Create a Collection for Images
This collection generates SigLIP embeddings and thumbnails for an image catalog.
curl -X POST https://api.mixpeek.com/v1/collections \
-H "Authorization: Bearer $MIXPEEK_API_KEY" \
-H "X-Namespace: $NAMESPACE" \
-H "Content-Type: application/json" \
-d '{
"collection_name": "product-images",
"source": { "type": "bucket", "bucket_id": "bkt_products" },
"feature_extractor": {
"feature_extractor_name": "image_extractor",
"version": "v1",
"input_mappings": {
"image": "payload.image_url"
},
"field_passthrough": [
{ "source_path": "metadata.product_id" },
{ "source_path": "metadata.brand" },
{ "source_path": "metadata.category" }
],
"parameters": {
"enable_thumbnails": true
}
}
}'
Reverse Image Search
Create a retriever and execute it with a text query. SigLIP’s shared text-image embedding space lets you search images with natural language.
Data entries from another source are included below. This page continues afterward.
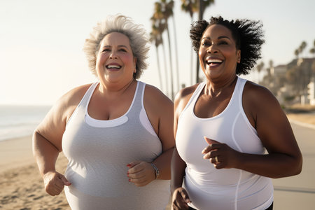 A group of friends enjoys a vibrant morning jogging along the sandy beach. The sun shines brightly, casting a warm glow on their laughing faces. The woman in front, dressed in white, radiates joy as they embrace fitness together.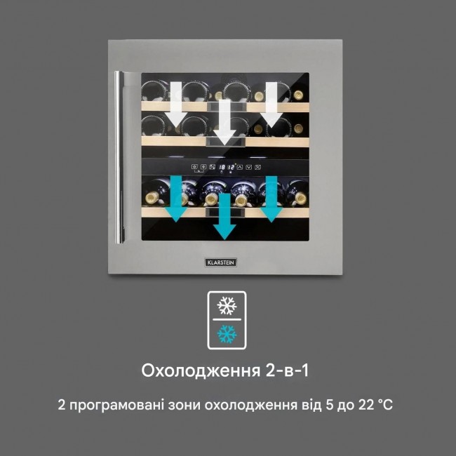 2 зони охолодження: регулюється від 5 до 22 °C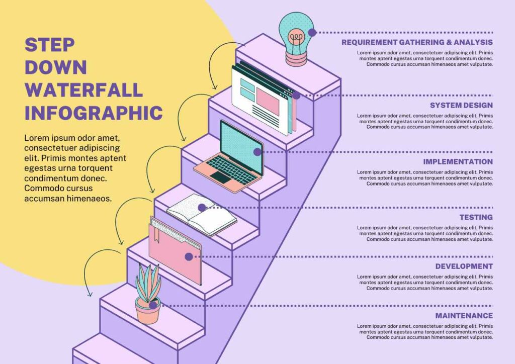 Si deseas más plantillas parecidas a Infografía de cascada bajada, puedes visitar nuestro listado completo de Slides de la categoría Infografías.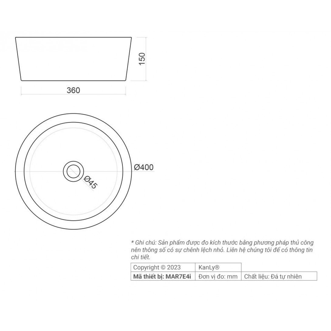 Thông tin chậu rửa mặt đá Kanly MAR7E4I đặt bàn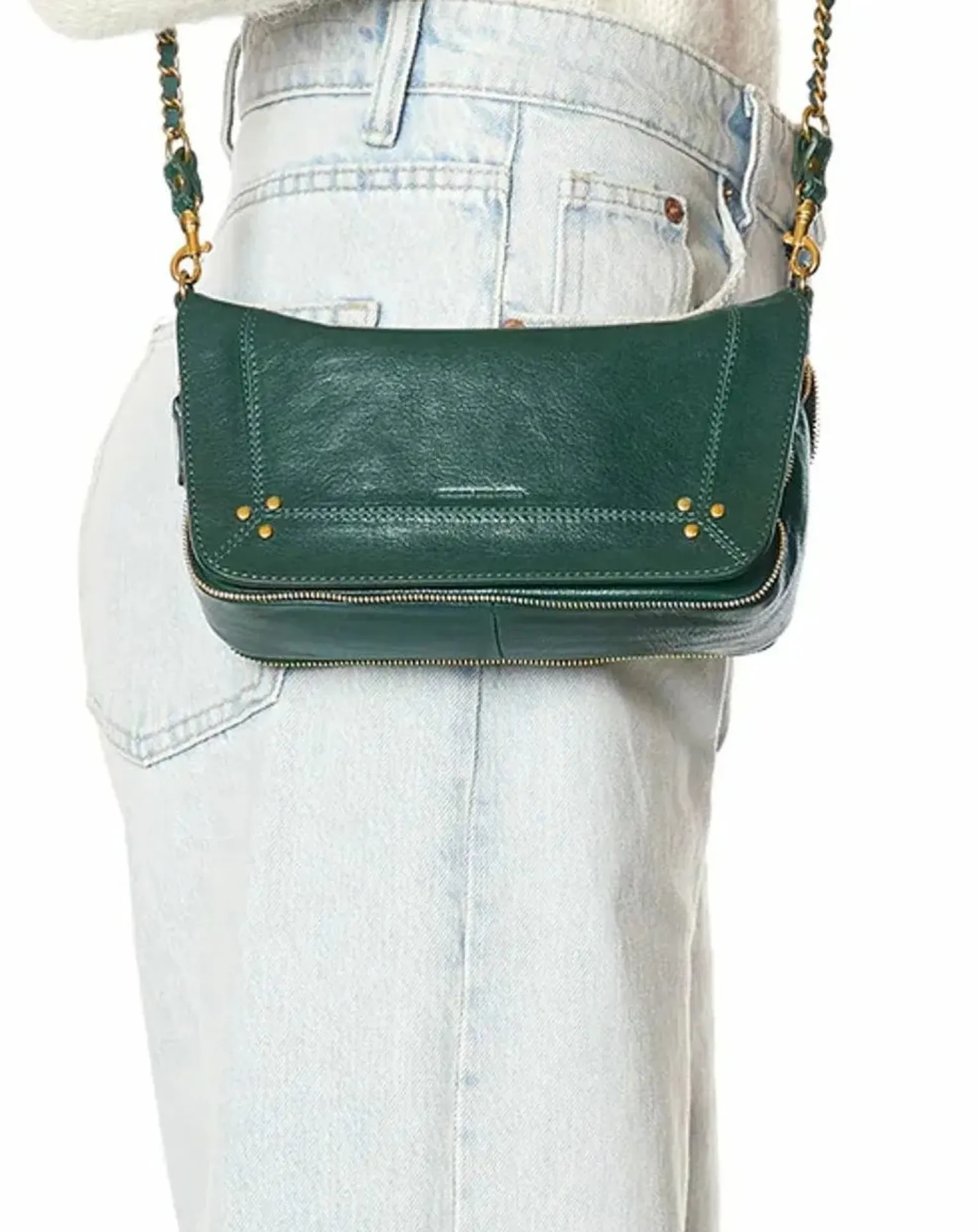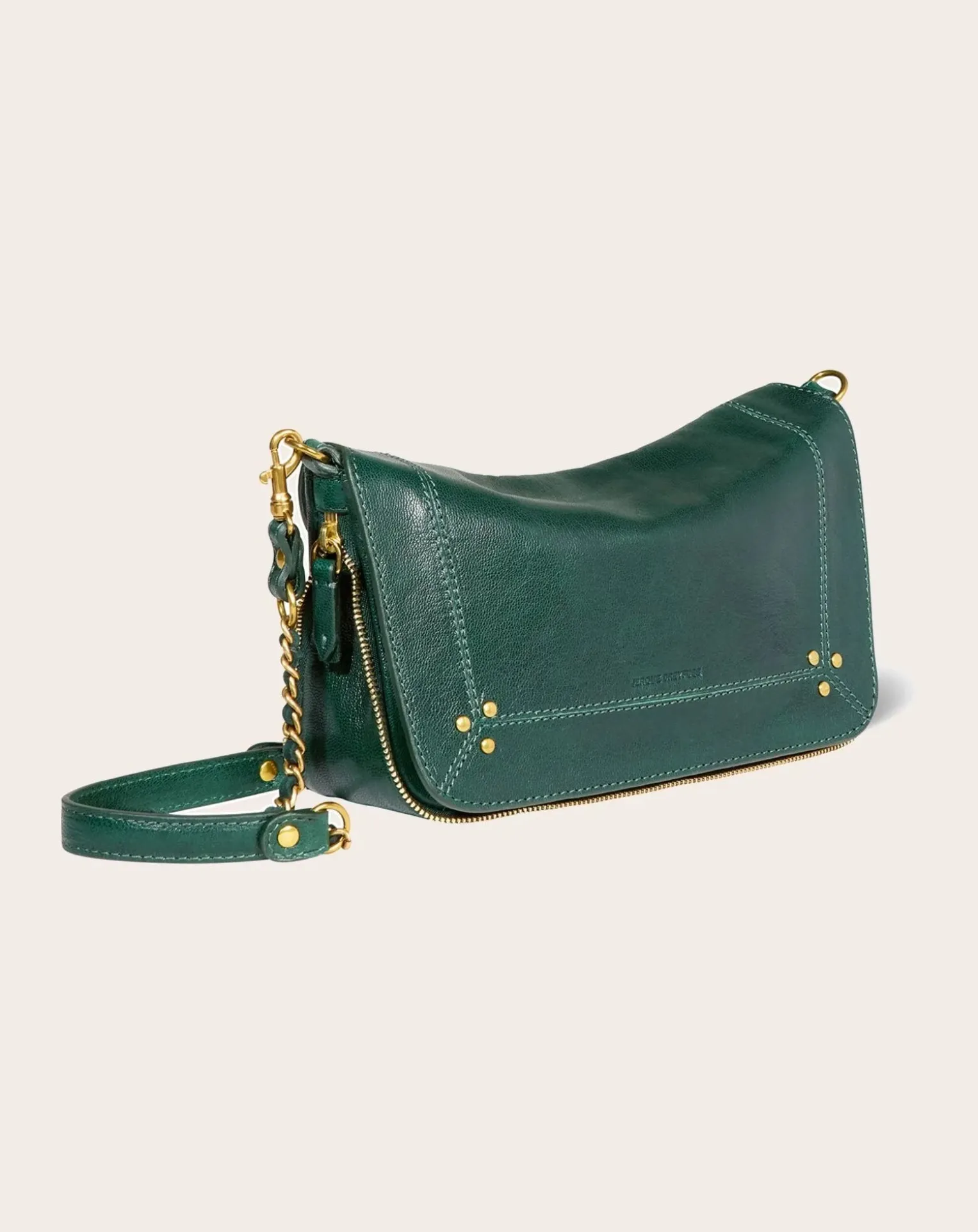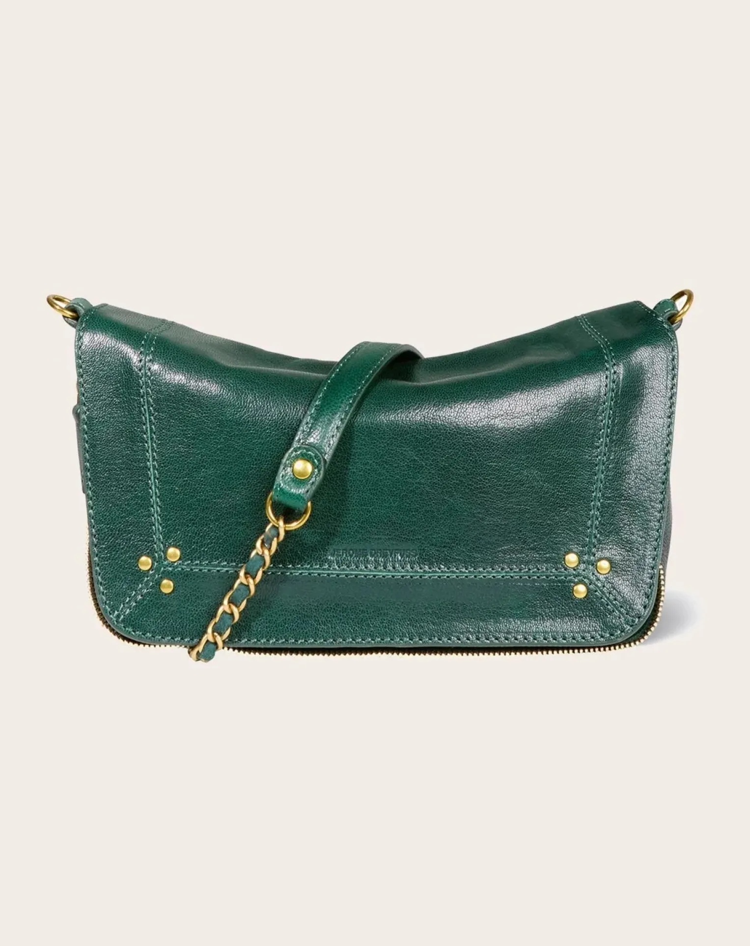 - Sac bandoulière, porté à l’épaule ou en croisé. Bandoulière amovible en chaîne tressée de cuir. Fermeture par un rabat en cuir aimanté.
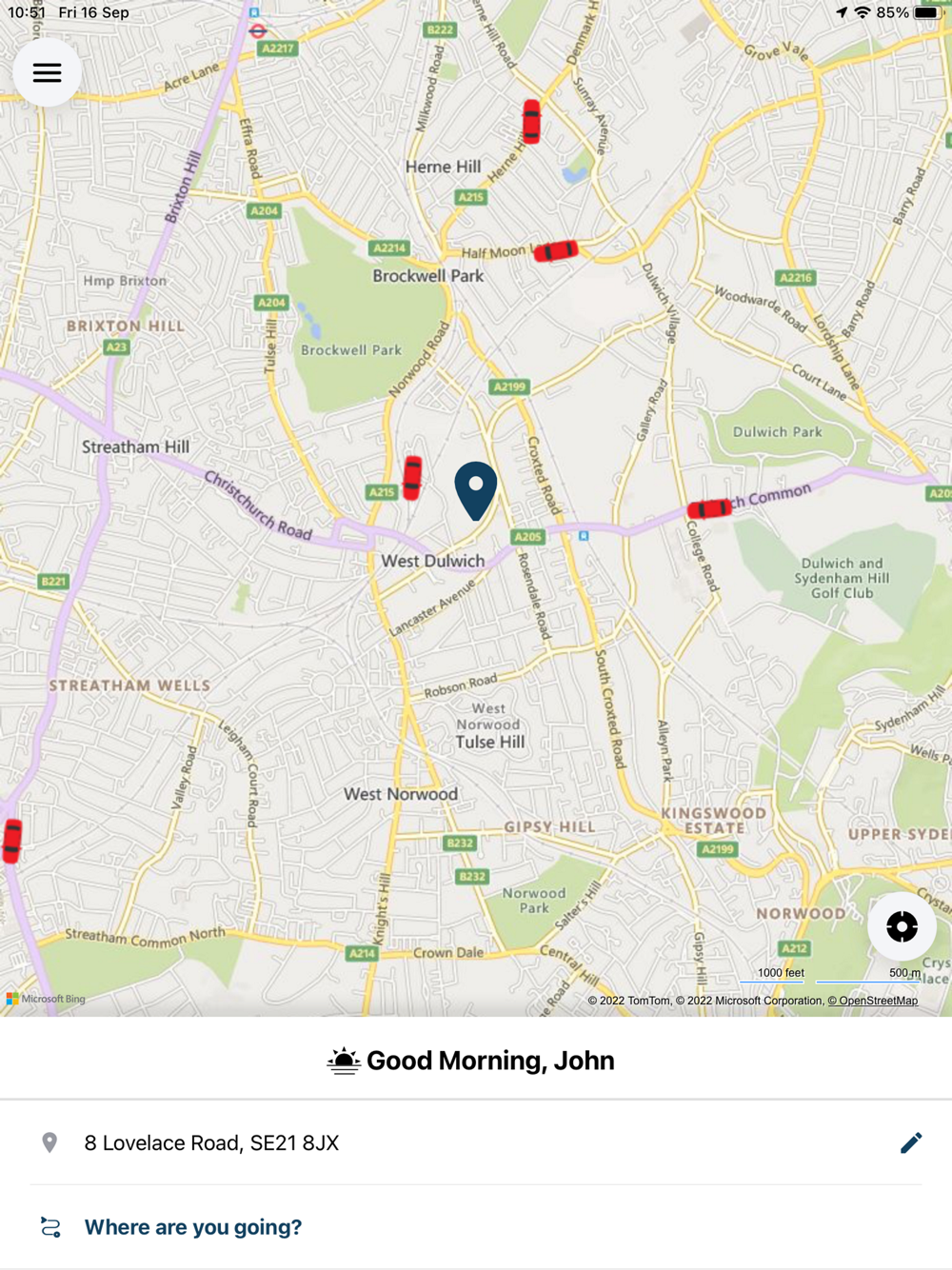 The app is intended for the purpose of arranging travel in the United Kingdom. Therefore, all addresses are restricted to within the UK.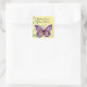 Bonito, imagen vintage de una mariposa púrpura con hojas y flores en un fondo amarillo pálido, aparece en este pegatina de cumpleaños cuadrado. Con el mensaje, "Deseándote un cumpleaños feliz", sería genial usarlo en envíos especiales de cumpleaños, álbumes, decoración y más!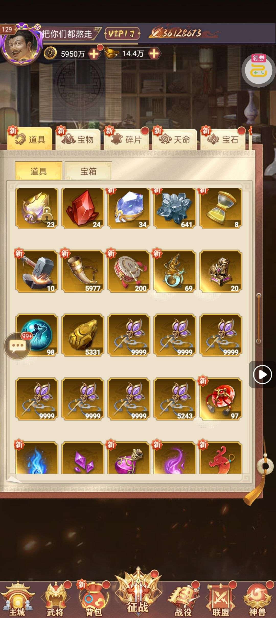 元宝*168888、神将招募令*10、普通丹药*20(每个账号限领一次)

curl -X POST https://api.mixpeek.com/v1/retrievers \
-H "Authorization: Bearer $MIXPEEK_API_KEY" \
-H "X-Namespace: $NAMESPACE" \
-H "Content-Type: application/json" \
-d '{
"retriever_name": "image-search",
"collection_ids": ["col_product_images"],
"input_schema": {
"properties": {
"query": { "type": "text", "required": true }
}
},
"stages": [
{
"stage_name": "visual_search",
"stage_type": "filter",
"config": {
"stage_id": "feature_search",
"parameters": {
"query": "{{INPUT.query}}",
"top_k": 20
}
}
}
]
}'
Execute a text-to-image search:
curl -X POST https://api.mixpeek.com/v1/retrievers/ret_abc123/execute \
-H "Authorization: Bearer $MIXPEEK_API_KEY" \
-H "X-Namespace: $NAMESPACE" \
-H "Content-Type: application/json" \
-d '{
"inputs": { "query": "red leather handbag with gold buckle" },
"limit": 10
}'
Use multimodal_extractor with response_shape to extract structured product metadata from images.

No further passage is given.